The myelin $$$X_\mathrm{My}$$$ content (assumed to be identical to the lipid content) was obtained from [^{7,9}] while the iron content $$$X_\mathrm{Fe}$$$ was obtained from [^{6,8}]. Units are % for myelin and ppm for iron, both measured as mass to wet mass ratio. The $$$R_1$$$ and $$$R_2^*$$$ values were obtained from ME-MP2RAGE acquisitions^{5}, with the exception of $$$R_1$$$ for cerebrospinal fluid (CSF), which (ME-)MP2RAGE typically estimates incorrectly, and whose value is determined from literature^{15}. Blank cells indicates that the data is not available in the sources.

**Fig.2: The group average and standard deviation of the relaxation maps.**

$$$R_1$$$ and $$$R_2$$$ are the longitudinal and transverse relaxation maps obtained using ME-MP2RAGE with the same acquisition parameters as in [^{5}] ($$$600\;\mathrm{\mu m}$$$, $$$T_{I,(1,2)}=750,2900\;\mathrm{ms}$$$, $$$\alpha_{1,2}=3,6°$$$, $$$T_R=6000\;\mathrm{ms}$$$, $$$T_{E,i}=2.35,6.59,10.63,14.77\;\mathrm{ms}$$$). The black borders surrounding the brain tissues are a registration artifact. The group standard deviation of $$$R_1$$$ is significantly less than that of $$$R_2^*$$$, indicating the higher level of reproducibility of $$$R_1$$$, consistent with the findings in [^{5}].

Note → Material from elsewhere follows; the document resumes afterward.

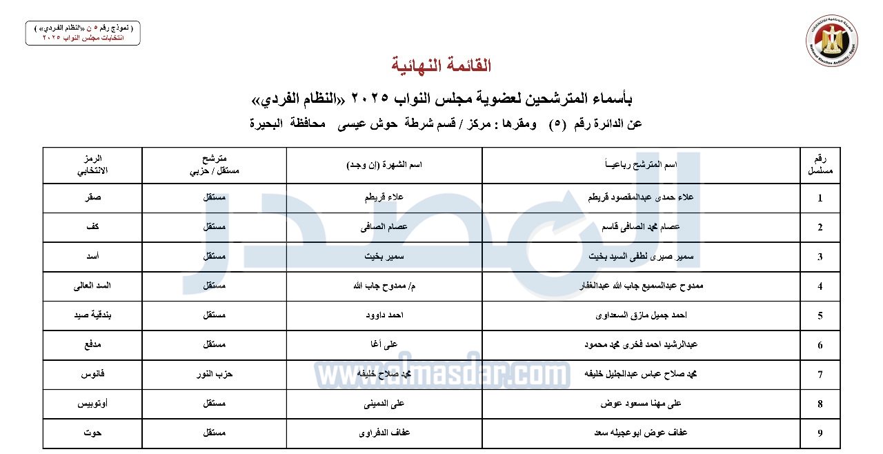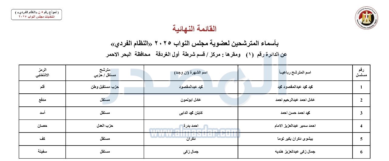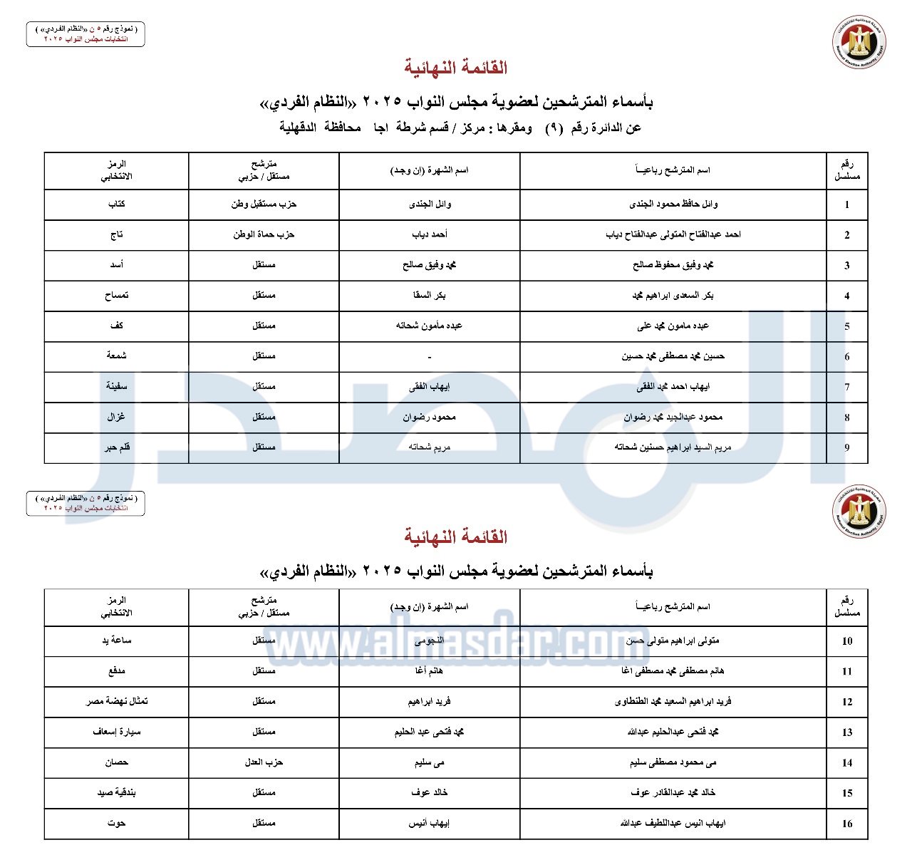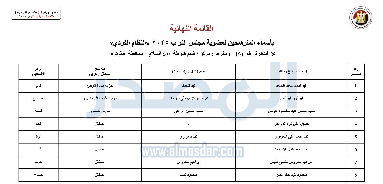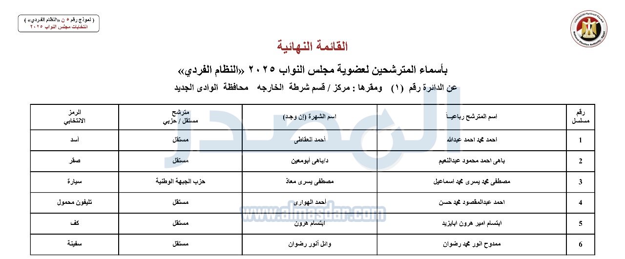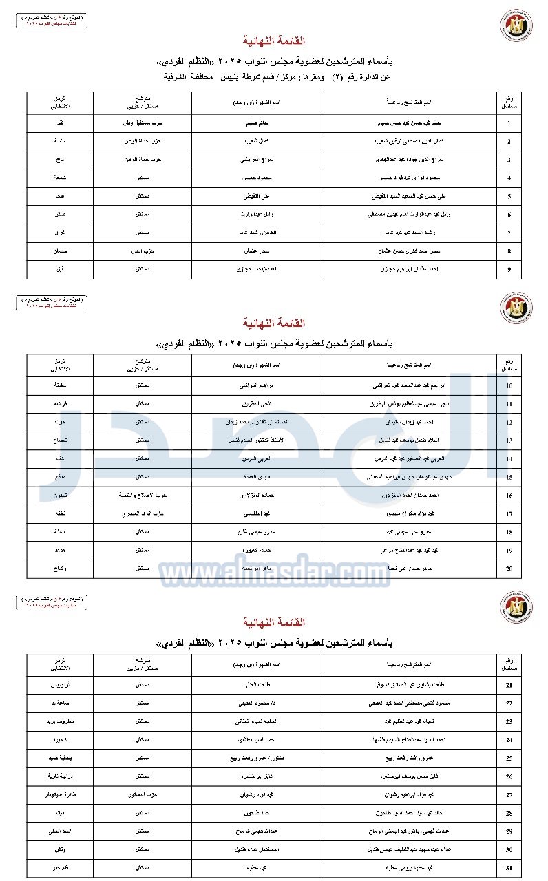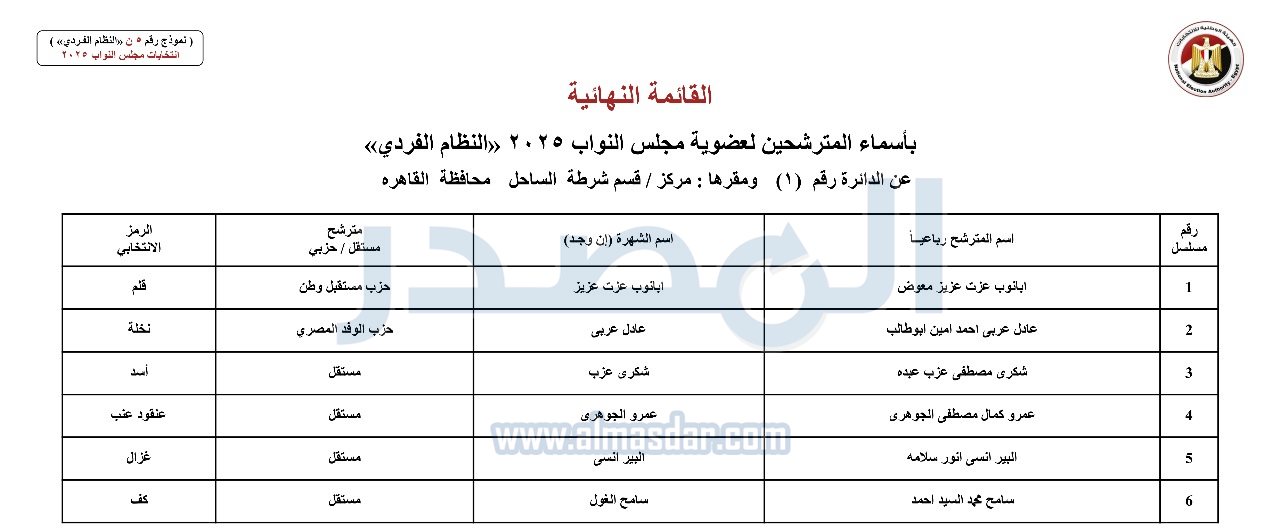 «المصدر» تنشر القائمة النهائية لمرشحى مجلس النواب 2025 على مستوى الجمهورية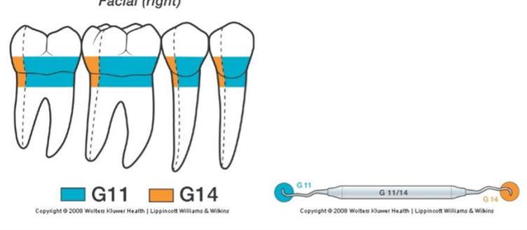 A area specific curet periodontal instrument used to remove light calculus deposits from the crowns and roots of teeth

**Fig.3: Results of the ODR affine fits on the priors.**

Visual representation of the Orthogonal Distance Regression (ODR) fits for both macromolecules and iron content. This regression method is suited when the errors on the independent variables cannot be ignored. The fits were performed separately for the two relaxing agents. The numerical results of the fits, including their standard errors, are reported, in addition to the (relative) residual variance, i.e. the fraction of the variance in the dependent variable that cannot be explained by the model.

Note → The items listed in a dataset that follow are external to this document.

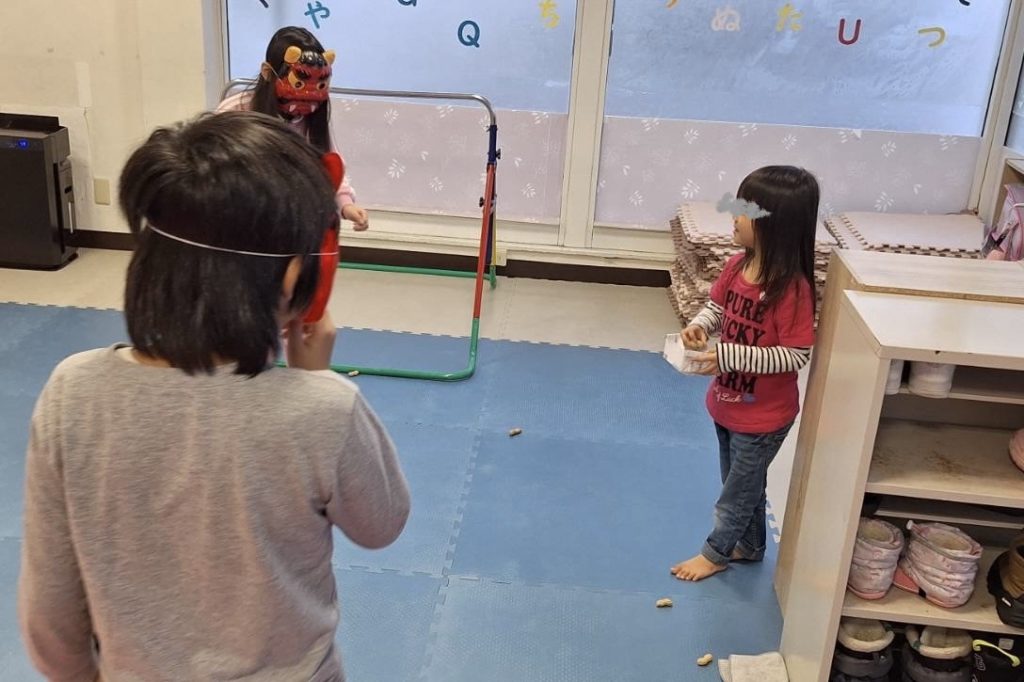 豆まき前には、「鬼が怖いから豆まきしたくない」と話していた未就学の子も、鬼役が友達だと分かり、楽しんで参加していました😊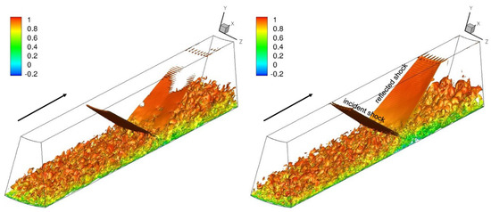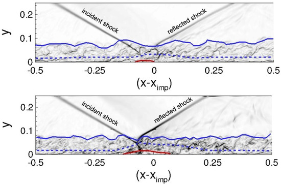 Oblique shock wave and compression ramp SBLIs have been studied for several decades [3,4] and are notorious for their complexity and undesirable characteristics [5]. Some recent SBLI reviews have been provided by Babinsky and Harvey [2] and Smits and Dussauge [6]. When a sufficiently strong shock wave impinges on a turbulent boundary layer, flow separation occurs. Different scaling relationships for the separation length were provided by Souverein [7]. The shock-induced separation region can be subject to large-scale, low-frequency unsteadiness [8,9]. The typically observed range for the low-frequency unsteadiness in both experiments and numerical simulations is [10], where the Strouhal number is based on the separation length and the freestream velocity, . A schematic outline of some of the important features of turbulent SBLIs is provided in Figure 1. Although different explanations for the low-frequency unsteadiness have been proposed, no consensus with regard to its origin has been reached.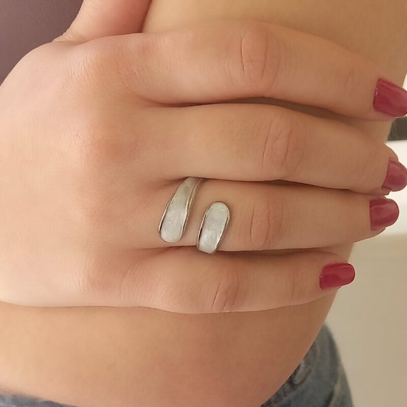 Δαχτυλίδι ατσάλινο ασημί χρώματος, διακοσμημένο με δύο κύματα διαμέτρου 0,7 cm το καθένα λευκού σμάλτου. Προσαρμόζεται στο μέγεθος του δακτύλου.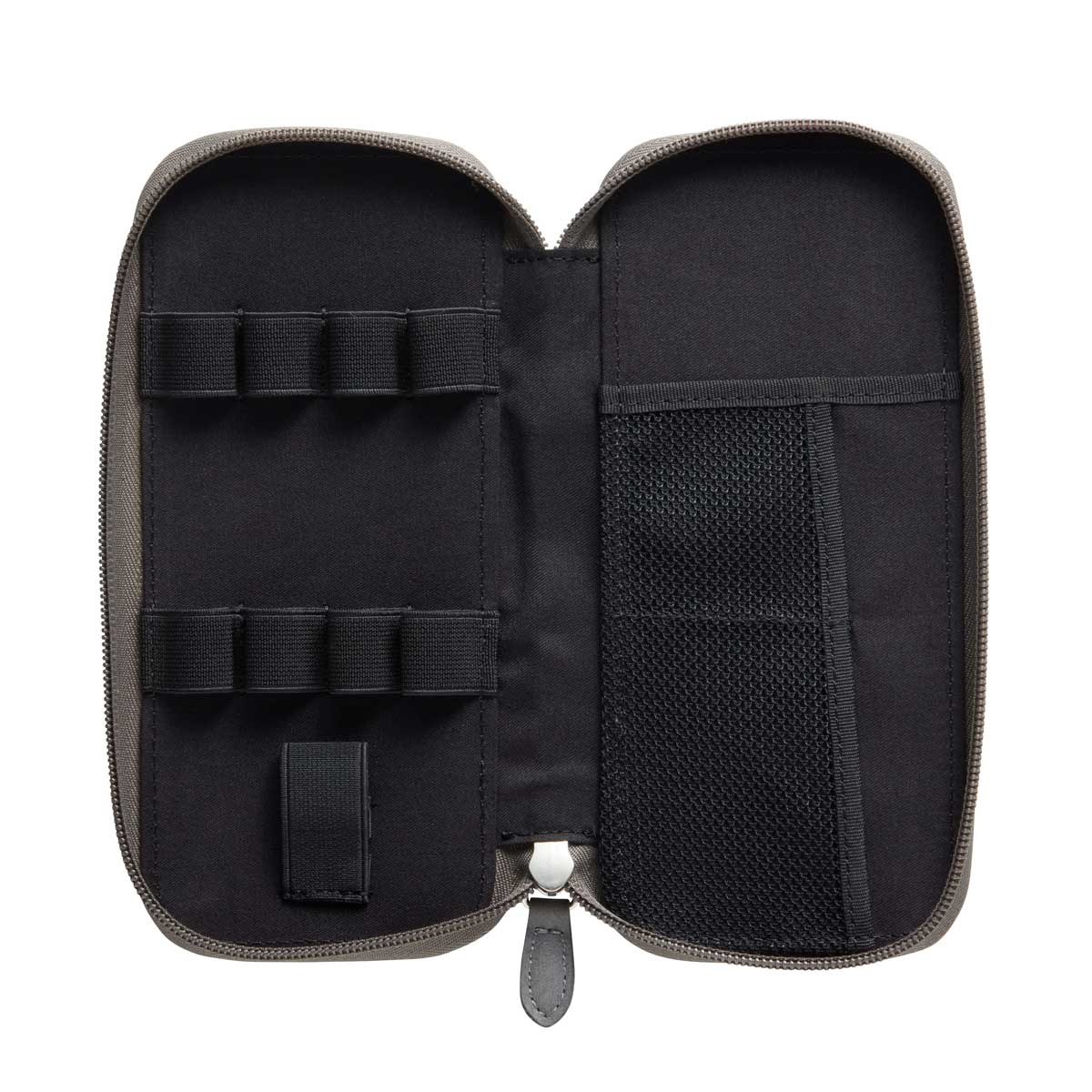 LIFT+ラウンドジップペンケースは、LIFT+世界観を損なわないデザイン。内部に伸縮するゴムループを使用した4本のペン差し、消しゴム収納、右側に3つの収納ポケットを備えた、シンプルかつ実用設計のペンケースです。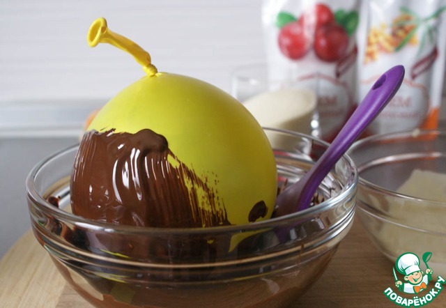 Шоколад растопить на водяной бане или в микроволновке. Пока топится шоколад заняться подготовкой шоколадных форм. Для того чтобы приготовить шары-формы понадобятся шарики. Обычные надувные шарики нужно надуть до подходящего размера. В оригинальном варианте они размером с боулинговый шар, но поскольку мы готовим домашний вариант их можно сделать намного меньше. Надутые и хорошо завязанные шарики нужно тщательно вымыть с мылом, ополоснуть и высушить. После этого слегка смазать их растительным или растопленным сливочным маслом (в идеале какао маслом) и отправить шарики в холодильник.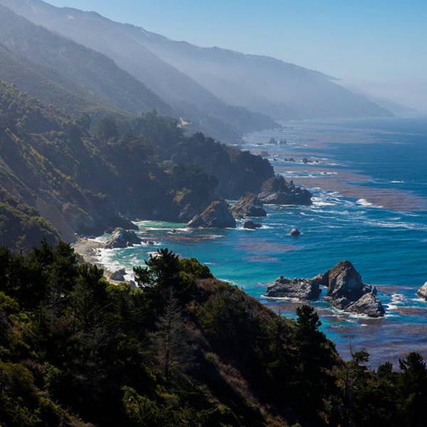大瑟尔有一个Pfeiffer Big Sur State Park(菲佛大瑟尔州立公园),起初以为紫色沙滩Pfeiffer Beach(菲佛沙滩)就在公园内,到入口处问了一下,说公园里没有沙滩,就没有买$10门票进去。在茂密森林中的公园游客中心无需买票就可以进入,这里有一间纪念品商店,还有咖啡厅和餐厅,旁边有一条徒步小径,可以在巨杉间穿梭。

**Fig.4: The group average and the standard deviation of the myelin and iron maps.**

$$$X_\mathrm{My}$$$ and $$$X_\mathrm{Fe}$$$ are myelin and iron maps obtained by applying the linear model (with the parameter values obtained with the ODR fits) to the relaxation maps $$$R_1$$$ and $$$R_2^*$$$. Realistic values are reproduced in almost all voxels. The larger biases and inferior reproducibility originating from $$$R_2^*$$$ maps affects both estimates similarly.

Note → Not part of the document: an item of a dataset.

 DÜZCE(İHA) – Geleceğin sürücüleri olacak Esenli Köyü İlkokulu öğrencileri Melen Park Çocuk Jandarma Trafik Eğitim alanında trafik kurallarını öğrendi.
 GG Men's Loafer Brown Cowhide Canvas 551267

**Fig.5: ROI-based validation of the myelin and iron maps.**

The mean values of the myelin and iron content group averages are calculated in each Region-Of-Interest (ROI) (and weighted for the inverse of the group variance). These are compared with the values from the literature^{5,6,7,8} (as reported in Fig.[1]). For all ROIs the values are within their respective standard deviations. The abbreviations for the ROIs were introduced in Fig.[1].